Black History Month celebrates African Americans in agriculture
By By Steve Strong / area horticulture extension agent
Feb. 25, 2004
February is a month of national recognition and celebration of the African American culture.
Black history month is a special time for pausing to reflect on the many contributions that African Americans have made in helping to create the greatest free nation on earth, a country with its foundations deeply rooted in agriculture.
Among the first noted individuals is Booker T. Washington, a controversial figure who began life as a Virginia slave in 1856, and later rose to become the founder of the now famous Tuskegee University.
Like many black men in post-Civil War America he struggled to obtain an education during a time when it was not allowed, an in spite of opposition from both races, managed to develop a model institution that promoted practical education along with a newfound respectability for the humble profession of farming.
Of course Washington did not accomplish this feat alone. He sought the support and expertise of other like-minded optimists who shared his understanding of the economic importance of agriculture, and of private land ownership for black Americans. Two of these most famous figures followed Washington to Alabama to help further the quest he began in 1881, none other than George Washington Carver and Thomas Campbell.
Carver became director of the Tuskegee Normal and Industrial Institute in 1896, with an agricultural degree from Iowa State A &M, and a desire to fulfill what he described to Washington as, "God's plan for me all along."
One of America's great naturalists, Carver channeled his childhood curiosity to "know every strange stone, flower, insect, bird, or beast" into a fine-tuned program of agricultural production and experimentation.
Carver began his pioneering work with peanuts, and soon discovered that the nitrogen-fixing properties of this legume plant had the natural ability to rebuild soil nutrition in fields where cotton and other crops had depleted it. He basically invented the original system of "crop rotation" that is still prevalent in today's modern farming practices, and also helped introduce sweet potatoes and soybeans as alternative crops for producers (at that time, 85 percent of blacks living in the south were farmers).
About the same time as Carver was becoming revered as the "Peanut Man" in the early 1900s, the notorious Boll Weevil was wiping out cotton crops across Texas and the entire southeast.
In desperation, the U.S. Department of Agriculture began the first demonstration farm program to help growers find solutions (a system patterned after Carver's work and directed by Seaman Knapp, father of the modern day Cooperative Extension Service).

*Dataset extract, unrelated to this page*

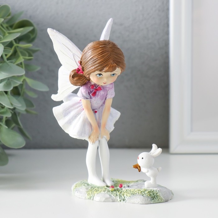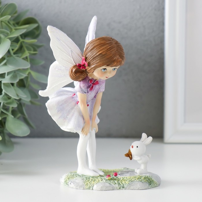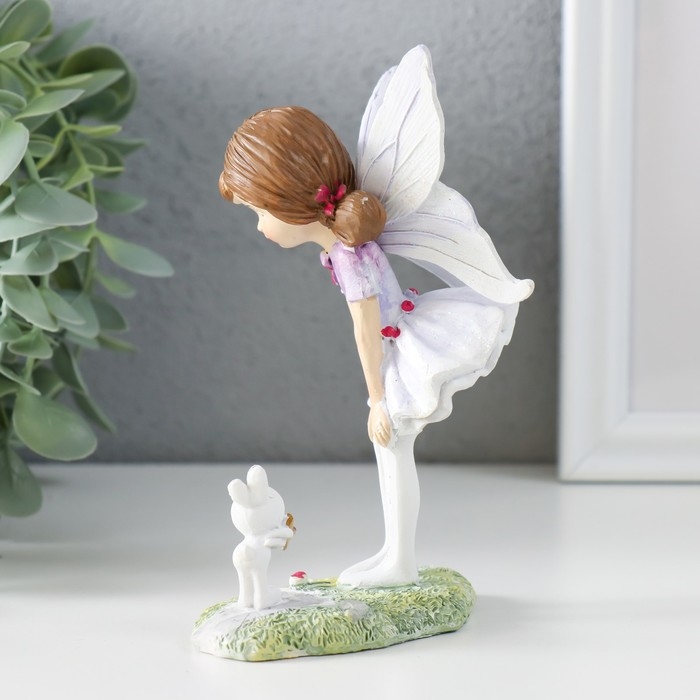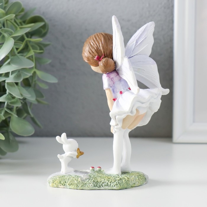 Сувенир полистоун "Девочка-бабочка с зайчиком на полянке" 9,5х6х13 см

Thomas Campbell now enters the picture, a 16-year-old Georgia youth who had come to Tuskegee to study under Dr. Carver, and who was to become the first black field agent ever appointed by the U.S.D.A. on Nov. 10, 1906.
Campbell was officially the first ever "County Agent," supplied with a mobile farm school on wheels known as the Jessup Wagon, hired to show farmers new "how-to" hands on farm practices rather than relying on the traditional speech making methods used previously.
Thanks to the Never-Say-Die attitude of pioneers like Washington, Carver and Campbell, there is still a vibrant Extension Service system existing in each state to this day and I for one, am grateful. Even the temporary stumbling block of a group of angry peanut farmers with no place to sell their over-supply of peanut crops in the 1930s did not defeat Carver.
Instead, Carver locked himself in his lab for a week, and later emerged with more than 300 innovative uses for the crop, not to mention 175 from sweet potato and 75 from pecans.
Just like Paul Harvey always says, now you know the rest of the story.